Initial automation changes to 'req' and X509_ATTRIBUTE functions.

author: Dr. Stephen Henson <steve@openssl.org> 2000-01-06 01:26:48 +0000
committer: Dr. Stephen Henson <steve@openssl.org> 2000-01-06 01:26:48 +0000
commit: b38f9f66c3ac92d7ad1a23f6b951b966c779905c (patch)
tree: ecbc8a1df6047738039b36bc3857470a551dce4b /apps
parent: ca03109c3aa2a907885f299d7af749754c4d172d (diff)
download: openssl-b38f9f66c3ac92d7ad1a23f6b951b966c779905c.tar.gz
2 files changed, 250 insertions, 30 deletions
diff --git a/apps/openssl.cnf b/apps/openssl.cnf
index 13aeb9b0ba..dbe8cbefe0 100644
--- a/apps/openssl.cnf
+++ b/apps/openssl.cnf
@@ -95,16 +95,15 @@ x509_extensions	= v3_ca	# The extentions to add to the self signed cert
 # input_password = secret
 # output_password = secret
 
-# This sets the permitted types in a DirectoryString.

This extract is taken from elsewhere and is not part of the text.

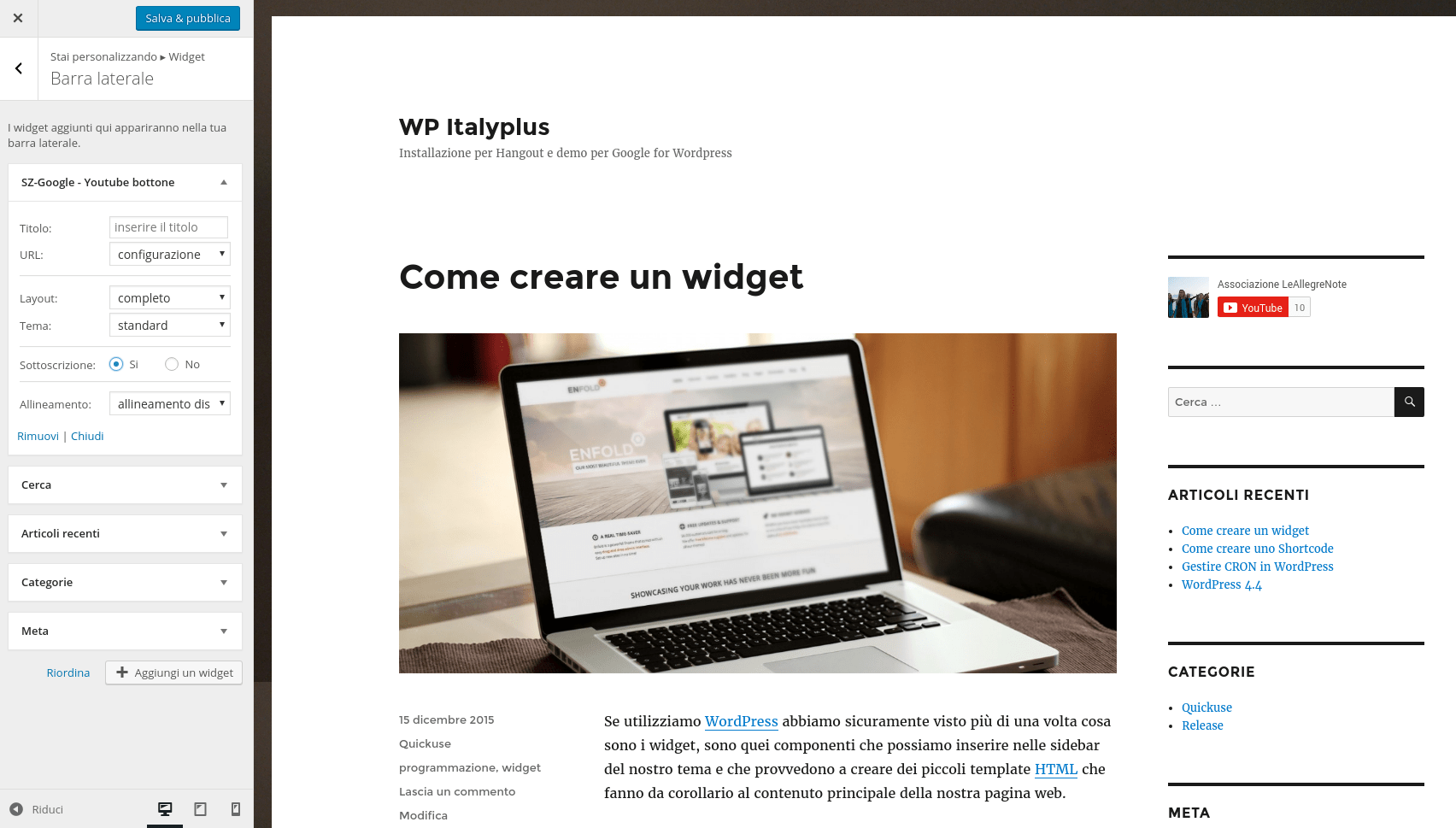 Salve, oltre quanto richiesto nel thread YOUTUBE BADGE segnalo che con la versione attuale di wp (4.5) il plugin, quando attivato, non permette più di accedere alla parte personalizzazione del tema.

There are several
-# options. 
+# This sets a mask for permitted string types. There are several options. 
 # default: PrintableString, T61String, BMPString.
 # pkix	 : PrintableString, BMPString.
 # utf8only: only UTF8Strings.
-# nobmp : PrintableString, T61String (no BMPStrings).
+# nombstr : PrintableString, T61String (no BMPStrings or UTF8Strings).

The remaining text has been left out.